He _is_ planning on getting away with some tidy sum, though. Enough so he can start over somewhere, pull together a new identity and shake the dust of Hell’s Kitchen off his shoes. Enough, even, for him and Chewie, if Chewie wants to come along.

“Mr. Jabba,” Han drawls as Jabba enters the office, feet up on the chair across from him, “I got a proposition to make.”

Jabba’s eyes narrow at him. “What are you doing in my office, Solo?” he asks.

“Making a proposition, like I said,” says Han. “I want out.”

Jabba stares at him. “You,” he says, slowly, “want _out_?”

“Damn straight I do,” says Han. “And you’re gonna let me walk out of here, because if not, then I’ll just have to call a good friend of mine from the Daily Bugle and tell him a few things I’m sure he’ll find-- _interesting_.”

Jabba’s fingers tighten around his briefcase. “What things, exactly?” he asks.

“Come on, Jabba,” says Han, smirking, “we’re all criminals here. I’m just telling you that I’m not sticking around to get arrested, because the way you’re going, it’s just a matter of time.”

“And how are you going to prove to your friend at the Bugle,” says Jabba, “that every word you say is true?” He folds his arms across his chest and says, “Your reputation as a known liar and cheat precedes you, Han Solo.”

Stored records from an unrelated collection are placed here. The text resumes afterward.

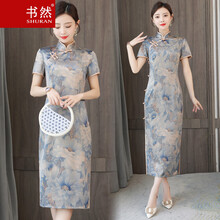 书然2021新款裙子女装夏40岁气质优雅时尚收腰遮肚子显瘦妈妈中国风改良旗袍碎花雪纺连衣裙女中长款 短款 L
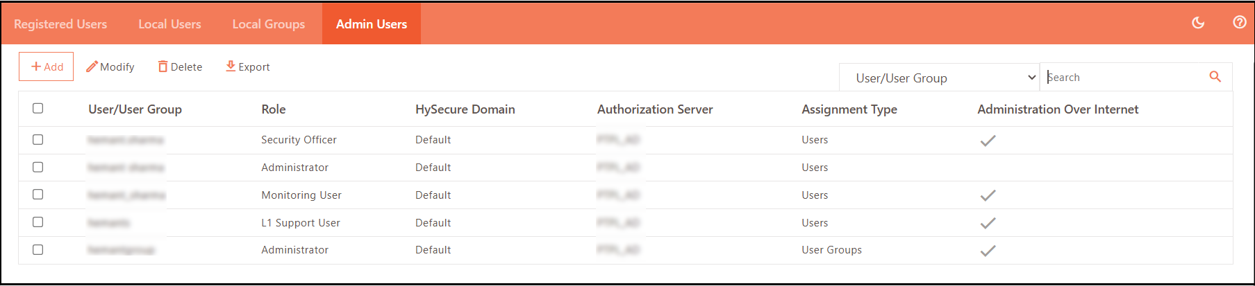 | User/User Group | Displays the user ID /User Group who has the Admin role assigned in HySecure. |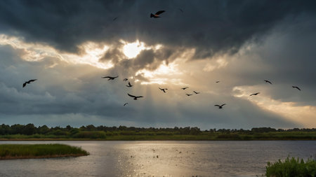 Seagulls flying over the lake at sunset, Baltic Sea, Poland
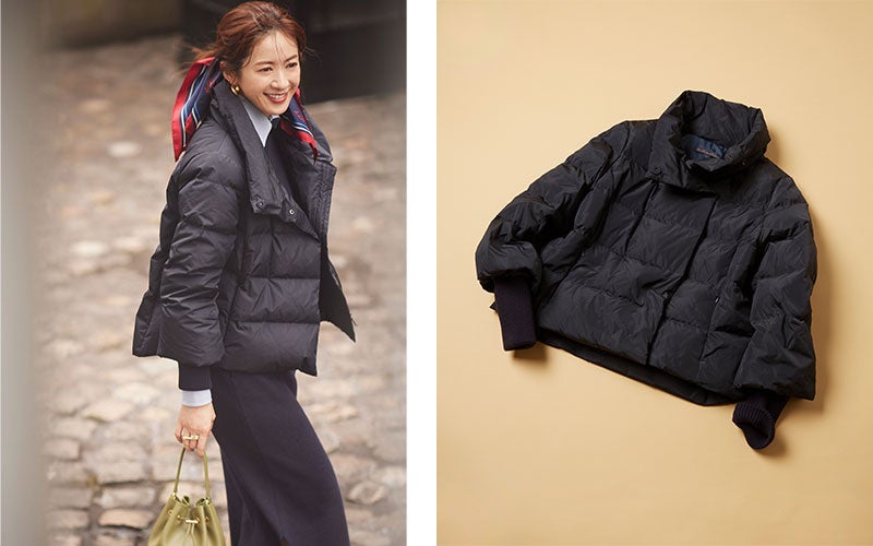 軽くてあたたかい。その両立において、ダウンはこの上ないアイテムでしょう。ジャージー素材のワンピースとなら、快適さは言うまでもなし。しかし、大切なのはそこにスタイルがあるか。ショート丈にデザインされたダウンジャケットは、なおかつ身幅を広く取り、さらにワイドな襟が華やかさをアピールします。ロング丈のワンピースとでメリハリあるシルエットを楽しめば、色を使わずとも表情豊かなコーデに。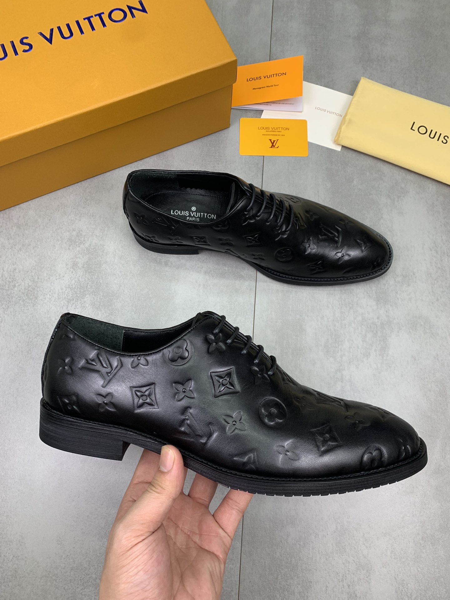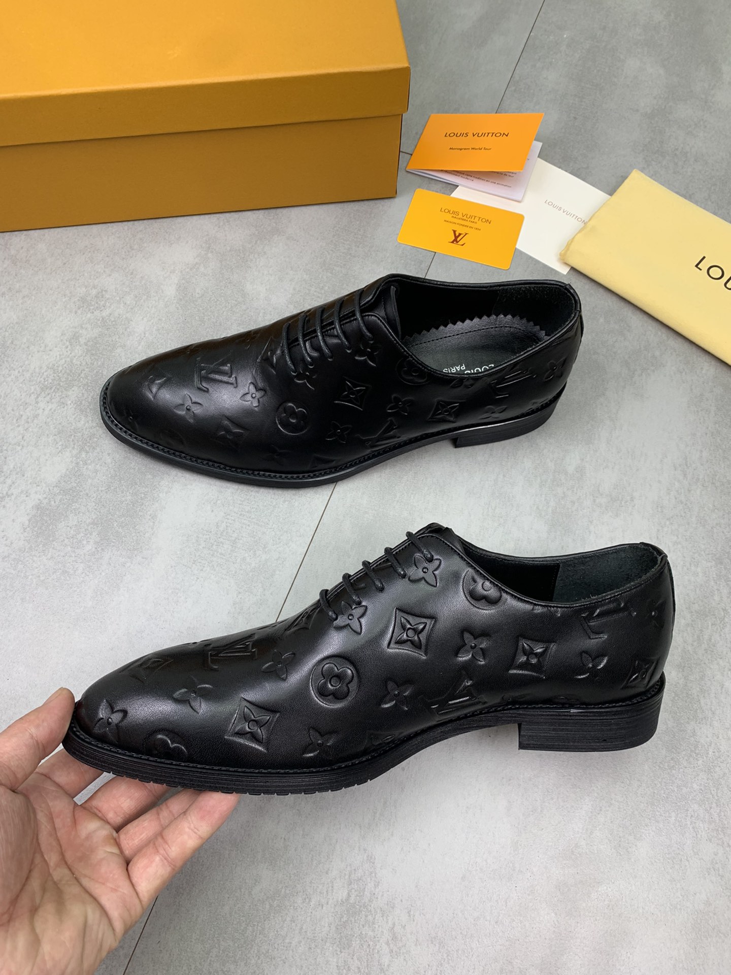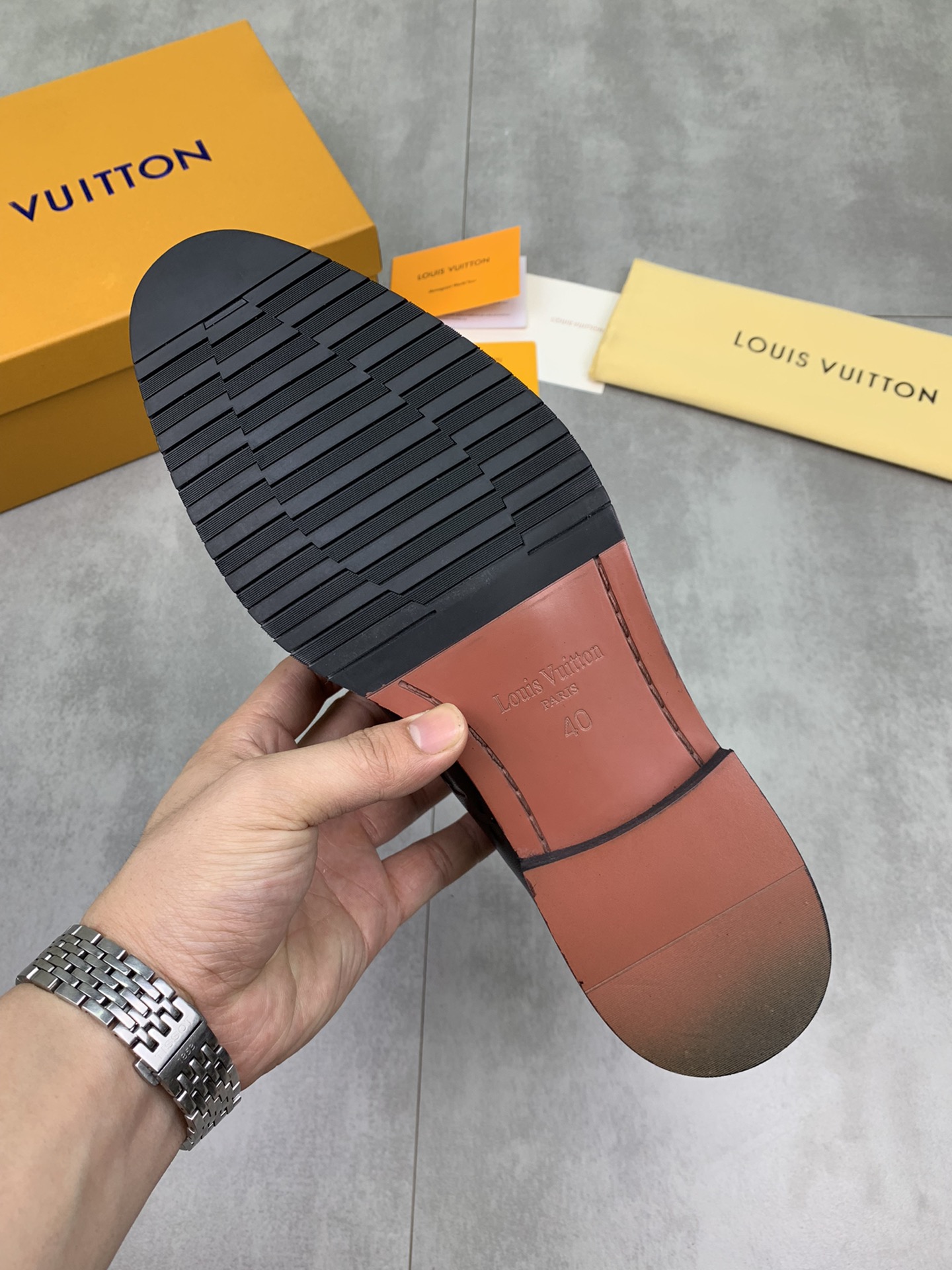 J5 水染牛里 Louis Vuitton 路易威登 LV 商务皮鞋,釆用原版进口意大利小牛皮,全牛皮内里、专业鞋匠精心手工制,原版专供耐磨大底.标准码38-44 黑色 棕色选

“I don’t _cheat_ that much, Greedo’s just blowing the time he lost out of proportion,” Han huffs, then--stupidly, _stupidly_ \--he says, “And I got evidence to back it up.”

Jabba stares at him.

And he very slowly smiles.

“Do you now?” he says, and that’s when Han knows--he’s fucked.

\--

(An interlude:

Roa leans in close. Around them, the bar’s regular patrons are starting to leave, even though Han occasionally looks at the doors as if someone might still walk through it and recognize the flash drive he’s holding in his hand. “And you say this thing could, what, make everything clearer?” he asks. “About this new ‘model’ Jabba’s working out with Shrike?”

“Roa, buddy,” says Han, “when have I ever let you down?”

“I don’t know where to start, I’ve got a pretty long list,” Roa says, but he plucks the drive from Han’s fingers and turns it over in his hand. “Where’d you get this?”

“Same place I got that shiner a few months ago,” says Han, gesturing to the place where said shiner used to be, which now has a brand new bruise on it. “You got a computer, right?”

“Nah, not anymore, Lwyll and I had to send it in for repairs,” says Roa, with a snort of laughter. “Word of advice: Never let your two-year-old near your keyboard with hot chocolate.”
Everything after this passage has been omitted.